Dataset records
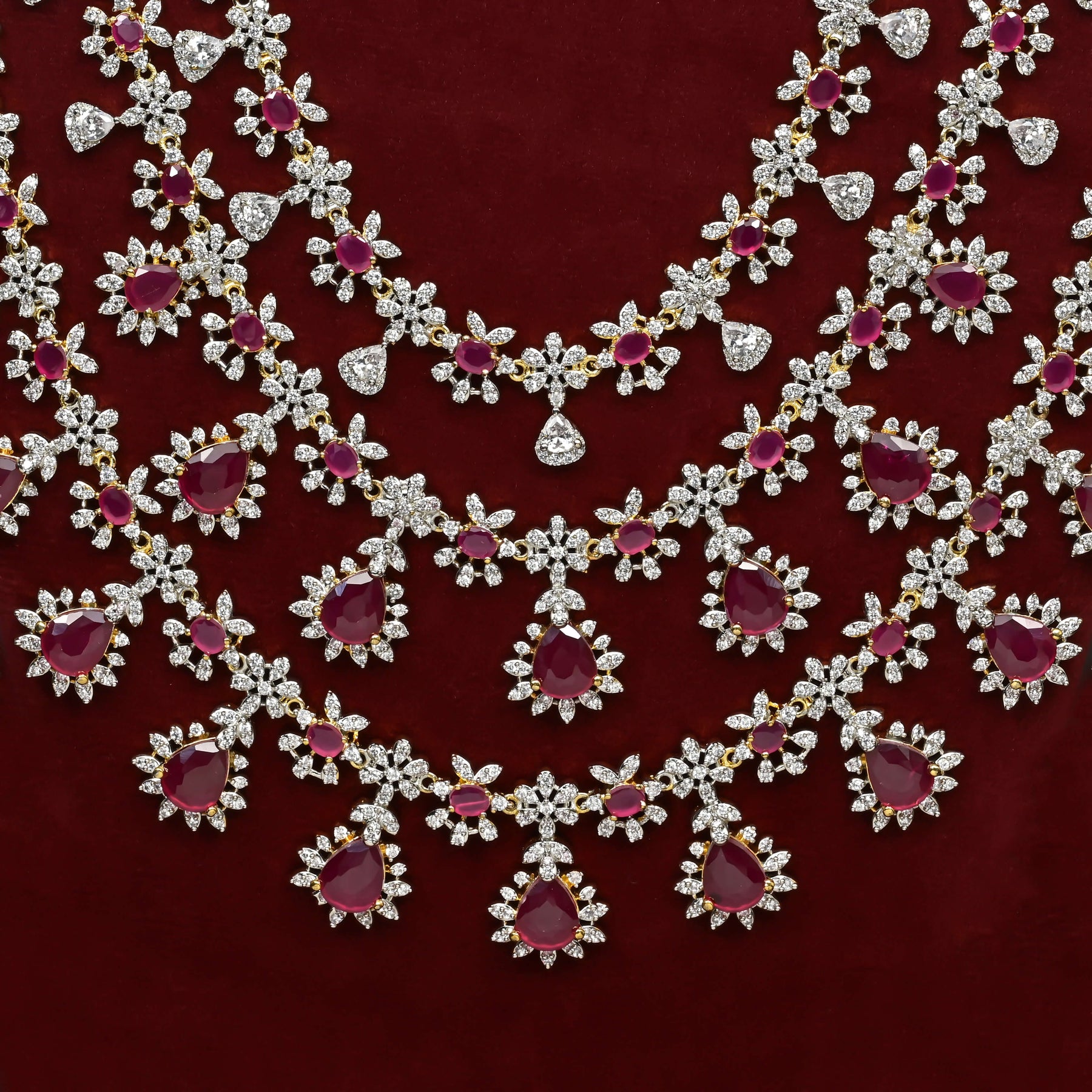 Elevate your collection with this exquisite CZ Necklace Set, meticulously handcrafted to deliver timeless elegance. Featuring authentic cubic zirconia stones paired with semi-precious ruby accents, this piece captures the regal sophistication of fine jewelry at an accessible price point. Each set showcases a distinctive one-of-a-kind design that reflects superior craftsmanship and attention to detail. The royal aesthetic makes it an ideal choice for special occasions, celebrations, or as a statement accessory that complements both traditional and contemporary styling. A versatile investment piece that combines luxury appeal with lasting quality.
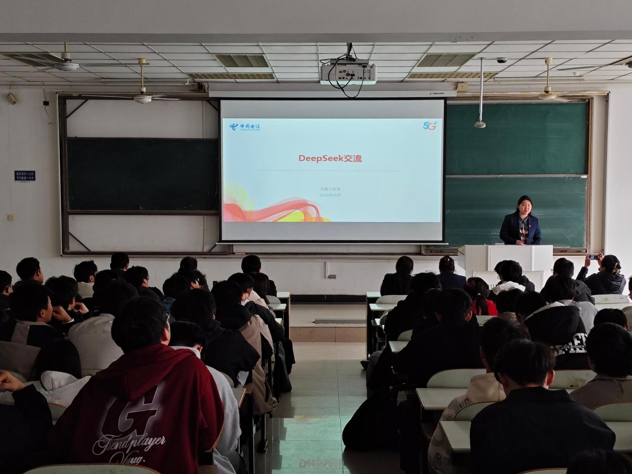 讲座中,谢常春结合国家的发展态势,深入浅出地剖析了通信与电子行业的发展趋势,指出员工在大学期间应掌握的专业知识和实践应用能力,并以电信系统里的职业发展案例,为同学们提供一份清晰的职业规划建议。张艺彤以“DEEPSEEK在通信领域的应用”为主题,详细介绍了DEEPSEEK这一前沿技术的基本原理、性能特点以及在通信领域的应用案例,分析了人工智能技术在应用过程中面临的挑战与解决方案。报告中,两位主讲人还耐心解答同学们关心关注的问题。通过行业专家的报告,同学们充分认识到提前做好学业规划和职业规划的重要性。
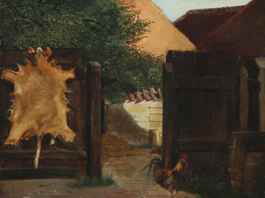 A courtyard with chicken
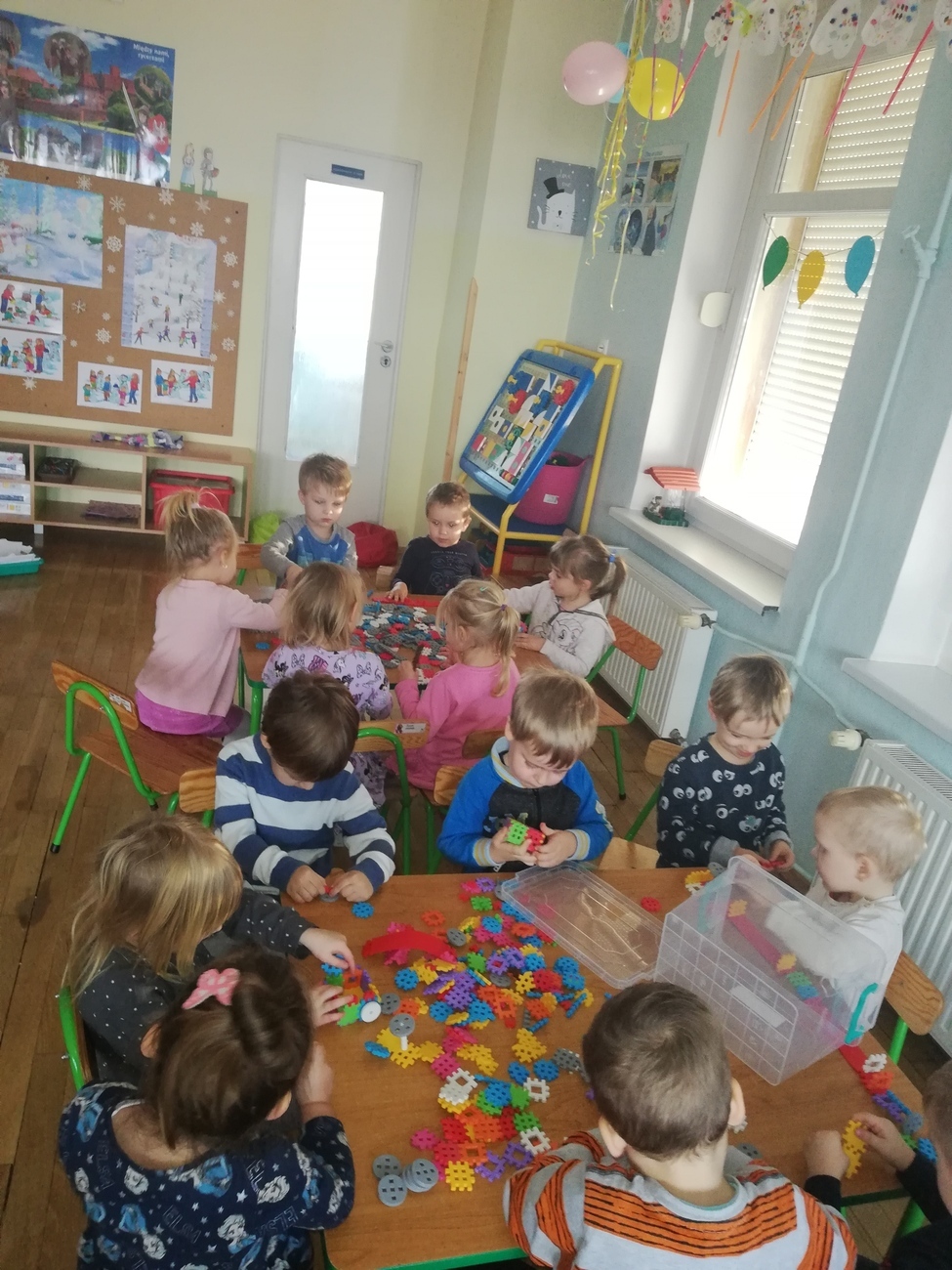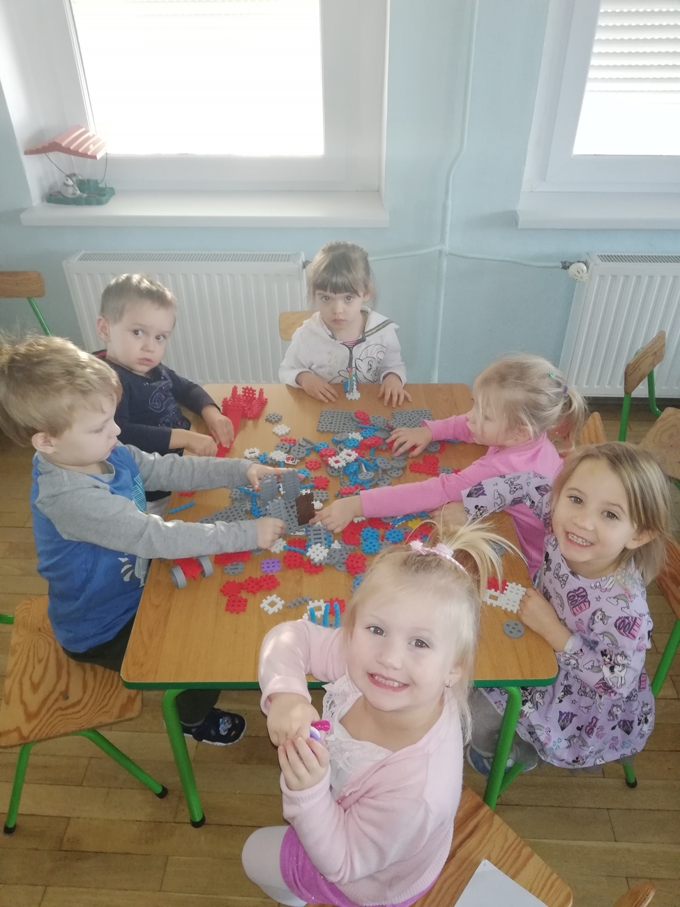 Przez cały tydzień wchodząc do sali przedszkolnej zmienialiśmy się w księżniczki i rycerzy. Poznawaliśmy zamkowe zwyczaje, wysłuchaliśmy wierszy i piosenek o zamkach. Wykonywaliśmy prace plastyczne- tworząc swój własny magiczny zamek oraz maskę na bal przebierańców u Królewny Śnieżki. Z klocków również powstawały wieże zamkowe, a nawet zamki. Czy te mniejsze czy większe wszystkie były wspaniałe. Odbył się również bal u Kopciuszka. Dzieci bawiły się na nim chustą animacyjną. Balony na balu wirowały w powietrzu i uciekały z chusty więc trzeba było je szybko łapać. Dzieci tańczyły w parach i pojedynczo w tan muzyki. Pięknie wskazywały kolory jakie wypowiadała Pani Kasia. Na koniec dzieci wysłuchały opowieści o smerfnym rycerzu.
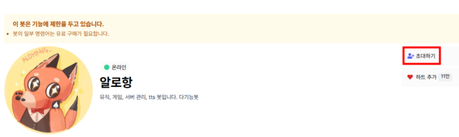 선택한 노래봇 페이지에서 '초대하기'를 클릭해
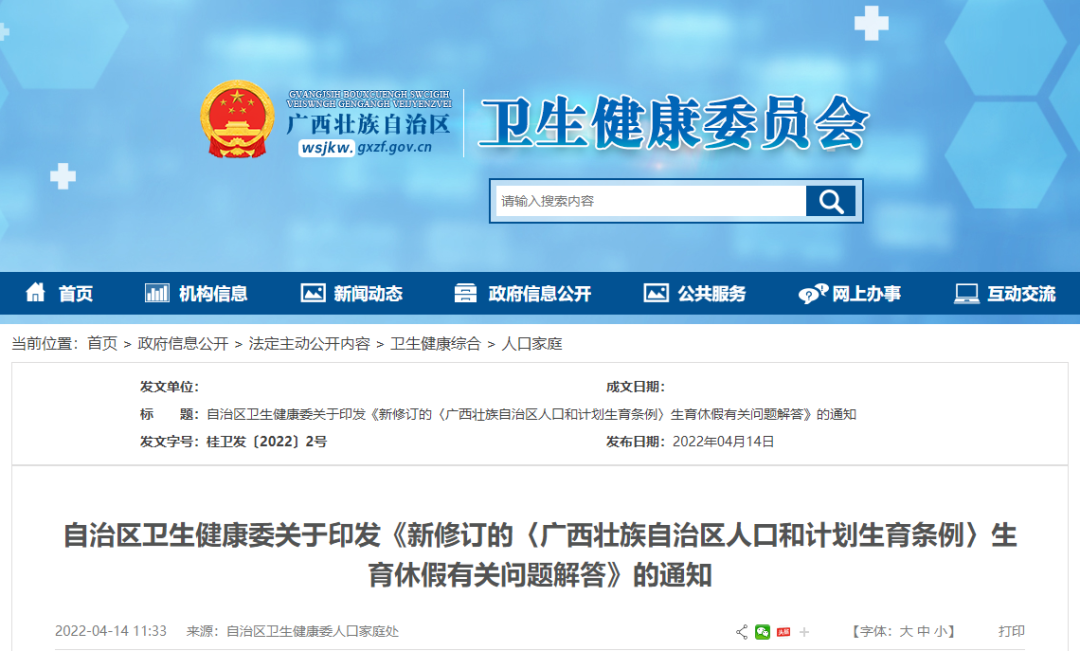 新修订的《广西壮族自治区人口和计划生育条例》(以下简称新《条例》)自2022年3月24日起施行。现就生育休假有关问题解答如下:
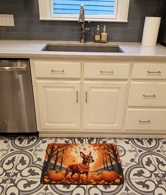 Red Miniature Pinscher Fall Memory Foam Kitchen Mat
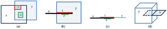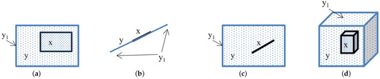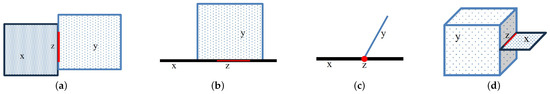 Therefore, we must impose constraints on the dimensions of boundaries. Let us start with the definition of the relation. We use the relation similarly to how it was defined in [41]. The relation between two features x and y indicates that the dimension of x is less than or equal to the dimension of y. We also consider the corresponding strict order relation and the equality relation . If we indicate with the whole domain of spatial features, the relation obeys the total order axioms:
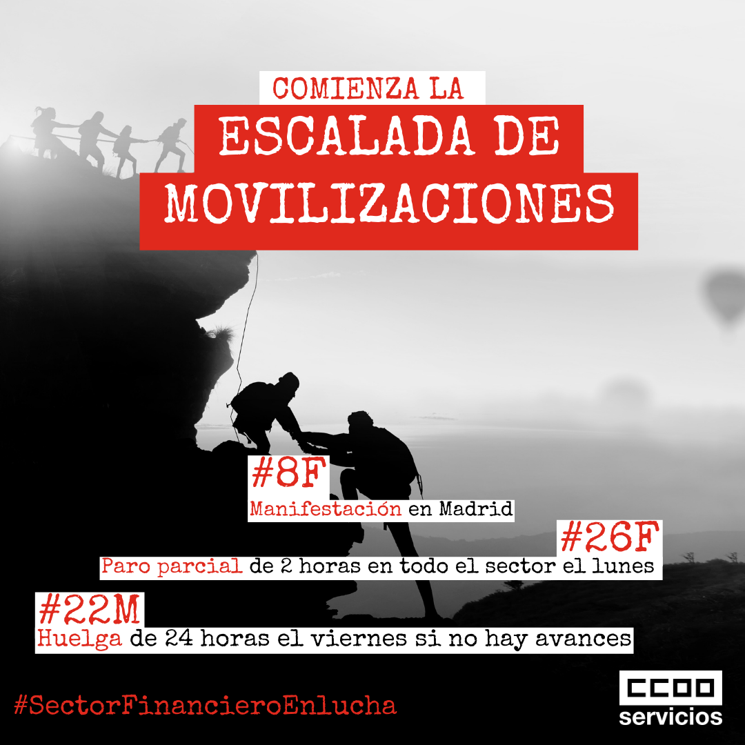 CCOO, UGT y FINE hacemos un llamamiento a las plantillas del sector financiero a que participen para exigir a las patronales que reconozcan su esfuerzo y contribución a los beneficios obtenidos e invitan a los otros sindicatos presentes en las Mesas respectivas a que secunden las movilizaciones.

THE PROBLEM: In your copy, omit the pictures and restate every line of the data word for word.

OUTPUT FOR THIS TASK:
 Elevate your collection with this exquisite CZ Necklace Set, meticulously handcrafted to deliver timeless elegance. Featuring authentic cubic zirconia stones paired with semi-precious ruby accents, this piece captures the regal sophistication of fine jewelry at an accessible price point. Each set showcases a distinctive one-of-a-kind design that reflects superior craftsmanship and attention to detail. The royal aesthetic makes it an ideal choice for special occasions, celebrations, or as a statement accessory that complements both traditional and contemporary styling. A versatile investment piece that combines luxury appeal with lasting quality.
 讲座中,谢常春结合国家的发展态势,深入浅出地剖析了通信与电子行业的发展趋势,指出员工在大学期间应掌握的专业知识和实践应用能力,并以电信系统里的职业发展案例,为同学们提供一份清晰的职业规划建议。张艺彤以“DEEPSEEK在通信领域的应用”为主题,详细介绍了DEEPSEEK这一前沿技术的基本原理、性能特点以及在通信领域的应用案例,分析了人工智能技术在应用过程中面临的挑战与解决方案。报告中,两位主讲人还耐心解答同学们关心关注的问题。通过行业专家的报告,同学们充分认识到提前做好学业规划和职业规划的重要性。
 A courtyard with chicken
 Przez cały tydzień wchodząc do sali przedszkolnej zmienialiśmy się w księżniczki i rycerzy. Poznawaliśmy zamkowe zwyczaje, wysłuchaliśmy wierszy i piosenek o zamkach. Wykonywaliśmy prace plastyczne- tworząc swój własny magiczny zamek oraz maskę na bal przebierańców u Królewny Śnieżki. Z klocków również powstawały wieże zamkowe, a nawet zamki. Czy te mniejsze czy większe wszystkie były wspaniałe. Odbył się również bal u Kopciuszka. Dzieci bawiły się na nim chustą animacyjną. Balony na balu wirowały w powietrzu i uciekały z chusty więc trzeba było je szybko łapać. Dzieci tańczyły w parach i pojedynczo w tan muzyki. Pięknie wskazywały kolory jakie wypowiadała Pani Kasia. Na koniec dzieci wysłuchały opowieści o smerfnym rycerzu.
 선택한 노래봇 페이지에서 '초대하기'를 클릭해
 新修订的《广西壮族自治区人口和计划生育条例》(以下简称新《条例》)自2022年3月24日起施行。现就生育休假有关问题解答如下:
 Red Miniature Pinscher Fall Memory Foam Kitchen Mat
 Therefore, we must impose constraints on the dimensions of boundaries. Let us start with the definition of the relation. We use the relation similarly to how it was defined in [41]. The relation between two features x and y indicates that the dimension of x is less than or equal to the dimension of y. We also consider the corresponding strict order relation and the equality relation . If we indicate with the whole domain of spatial features, the relation obeys the total order axioms:
 CCOO, UGT y FINE hacemos un llamamiento a las plantillas del sector financiero a que participen para exigir a las patronales que reconozcan su esfuerzo y contribución a los beneficios obtenidos e invitan a los otros sindicatos presentes en las Mesas respectivas a que secunden las movilizaciones.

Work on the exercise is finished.